--- What the task requires ---
Reproduce the data exactly and drop any pictures it holds.

--- Record extracts ---

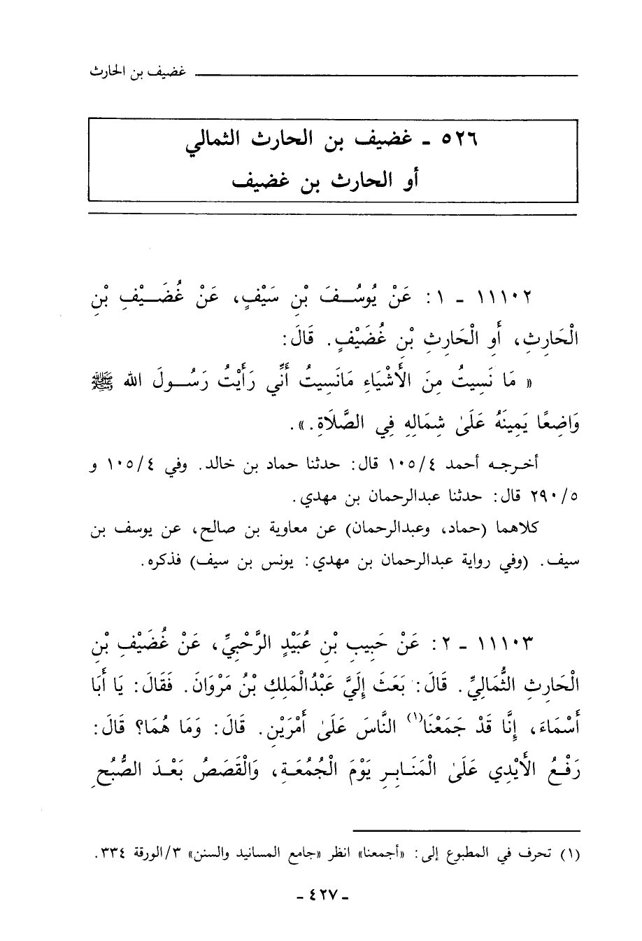 ١١١٠٢ - عَنْ يُونُسَ بْنِ سَيْفٍ، عَنِ الْحَارِثِ بْنِ غُضَيْفٍ، أَوْ غُضَيْفِ بْنِ الْحَارِثِ، قَالَ:
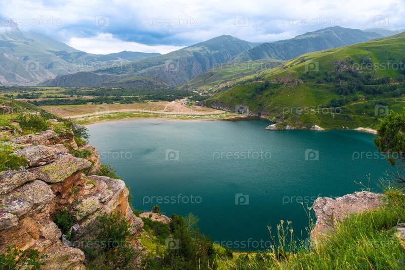 Живописный вид на горное озеро Гижгит с лазурной водой. Кавказ
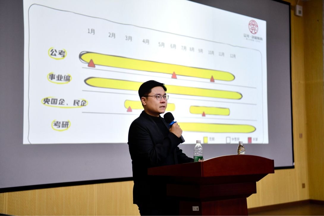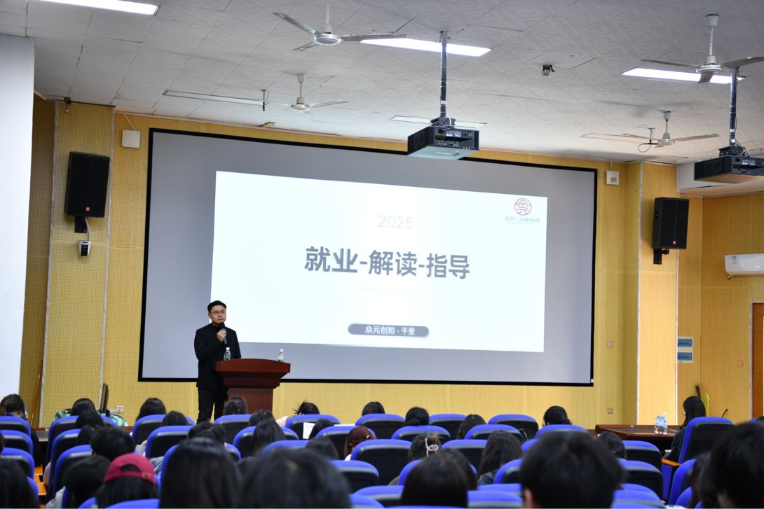 本网讯通讯员:杨树 周林馨雨)为帮助学生精准把握就业形势,科学规划职业发展路径,4月1日1530分,旅游文化产业学院在博雅楼西三报告厅召开2025届就业指导宣讲活动。会议特邀众元创知教育创始人刘育辰老师主讲,旅文院大三全体同学及大二学生代表参会,共同围绕就业创业、职业规划等核心议题展开深入交流。
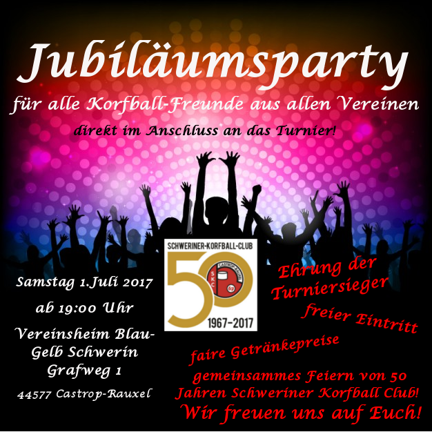 Am Samstag Abend wird es eine Korfball-Party für alle Vereine geben, die quasi mit Turnierende beginnt. Siegerehrung und Preisverleihung werden auf der Party stattfinden. Also kommt vorbei und feiert mit uns das 50jährige Bestehen!
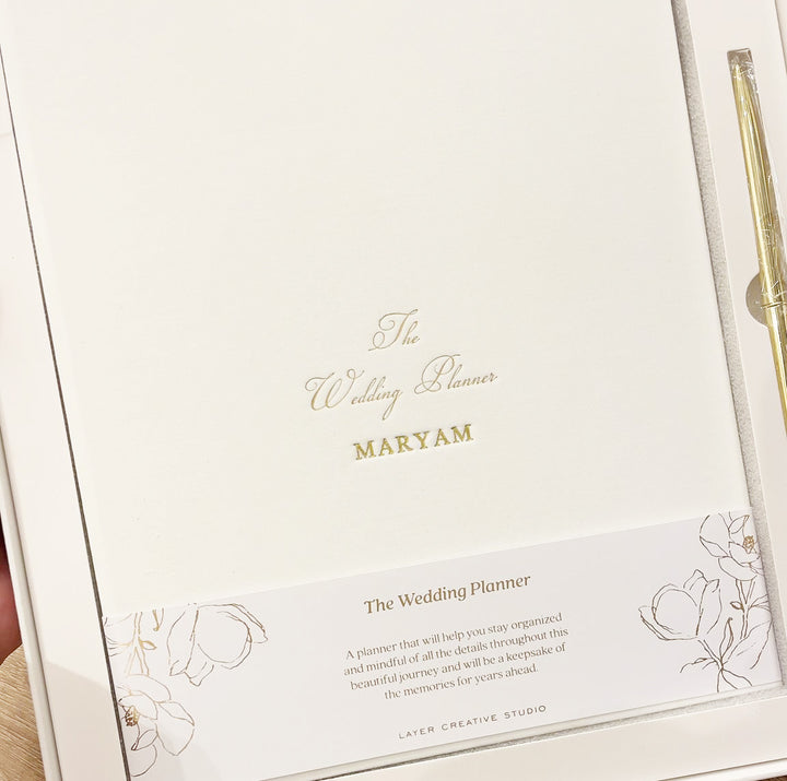 خطّطي ليومكِ المثالي بكل سهولة مع مفكرة الزفاف المصمَّم بعناية. تم ابتكار هذا الدليل للعروس الراغبة في الحفاظ على تنظيم تام دون التخلي عن اللمسة الجمالية، حيث يضم صفحات إرشادية، وقوائم جاهزة، وجداول زمنية، ومتتبعات للميزانية، وسجلات للمورّدين—كل ما تحتاجة من تفاصيل لتنظيم يومها المميز. يضفي الغلاف الفاخر، والتفاصيل الذهبية، والفواصل المرقّمة متعة على عملية التخطيط، بينما تحافظ الجيوب الواسعة على العقود وقطع القماش ومصادر الإلهام في مكان واحد وآمن. هنا يبدأ حفل أحلامكم.

--- Output of the task ---
 ١١١٠٢ - عَنْ يُونُسَ بْنِ سَيْفٍ، عَنِ الْحَارِثِ بْنِ غُضَيْفٍ، أَوْ غُضَيْفِ بْنِ الْحَارِثِ، قَالَ:
 Живописный вид на горное озеро Гижгит с лазурной водой. Кавказ
 本网讯通讯员:杨树 周林馨雨)为帮助学生精准把握就业形势,科学规划职业发展路径,4月1日1530分,旅游文化产业学院在博雅楼西三报告厅召开2025届就业指导宣讲活动。会议特邀众元创知教育创始人刘育辰老师主讲,旅文院大三全体同学及大二学生代表参会,共同围绕就业创业、职业规划等核心议题展开深入交流。
 Am Samstag Abend wird es eine Korfball-Party für alle Vereine geben, die quasi mit Turnierende beginnt. Siegerehrung und Preisverleihung werden auf der Party stattfinden. Also kommt vorbei und feiert mit uns das 50jährige Bestehen!
 خطّطي ليومكِ المثالي بكل سهولة مع مفكرة الزفاف المصمَّم بعناية. تم ابتكار هذا الدليل للعروس الراغبة في الحفاظ على تنظيم تام دون التخلي عن اللمسة الجمالية، حيث يضم صفحات إرشادية، وقوائم جاهزة، وجداول زمنية، ومتتبعات للميزانية، وسجلات للمورّدين—كل ما تحتاجة من تفاصيل لتنظيم يومها المميز. يضفي الغلاف الفاخر، والتفاصيل الذهبية، والفواصل المرقّمة متعة على عملية التخطيط، بينما تحافظ الجيوب الواسعة على العقود وقطع القماش ومصادر الإلهام في مكان واحد وآمن. هنا يبدأ حفل أحلامكم.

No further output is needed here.